70 inci dakikada fenerbahçe'nin sağdan kazandığı frikiği özcan kaleye ortaladı. karambolda, selim turgay'dan söktü topu... ceza sahası içinde selim'le turgay’ın yerlerde taklalar attığı bir kargaşalık seyrettik.
sonra sarı - kırmızılı defans açtı topu...
maçın son onbeş dakikasında galatasaraylılar artık - biraz da rakiplerinin boş bıraktığı - orta sahaya yerleştiler hız, mücadele, hırs yavaş yavaş hafifledi, hafifledi. bitti. maç da beraber.
fenerbahçe soyunma odasında dün sevinçle karışık bir üzüntü vardı. menecer necdet erdem, anahtarının galatasaray forvetinin gol gücünü mahkûm ettiğini söylerken şunları da ilâve etmekten kendini alamamıştı.
«- fenerbahçe iyi oynadı. bilhassa nedim ve selim'in takıma girişi başka bir hava verdi. çocuklar, hırslıydı, çalışkandı ve kazanma azmi içindeydi. anahtarımız kendini gösterdi. fakat, gündüz kılıçta da bir anahtar varmış galiba. o da bizim şansımızı kilitledi.»

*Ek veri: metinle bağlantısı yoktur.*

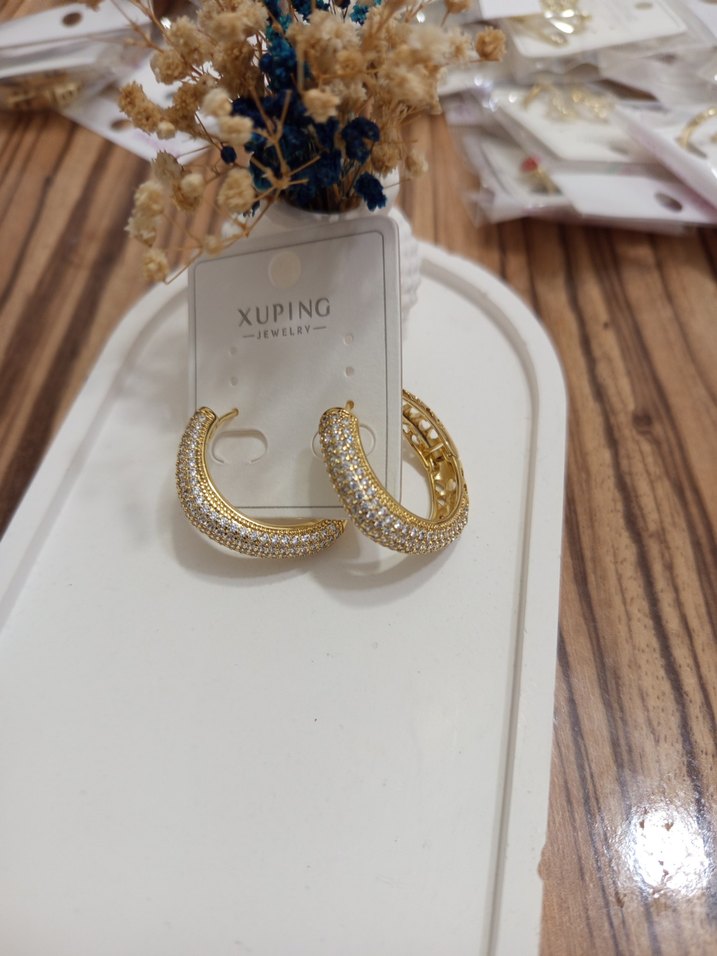 Xuping markalı mini uzunlukta, boncuk detaylı altın küpeler. Modern klasik tarzda, düğün ve özel günler için uygun. ✨

fenerbahçe soyunma odasında futbolcuları tebrik eden milli takım antrenörü sandro puppo da «çocukları iyi buldum. fenerbahçe bu maçı kazanabilirdi.» dedi
nedim doğan, «fenerbahçeye faydalı olmak için oynadım. taraftarlarımızı memnun edebildikse ne mutlu bize» dedi
selim soydan ise şöyle konuştu: «- maç sırasında oldukça hırslıydım. fakat bâzı sert girişler benim asıl istediğim oyunu oynamama mâni oldu. maç boyunca tal'at peşimi bırakmadı. kendisine sorduğum zaman bana şunu söyledi «vazgeç bu kadar kendini sıkma be birader bırakın kazanalım da şampiyonluğu kaçırmayalım» talâttan kurtulduğum zaman her an çelmeyi yiyeceğimi biliyordum.»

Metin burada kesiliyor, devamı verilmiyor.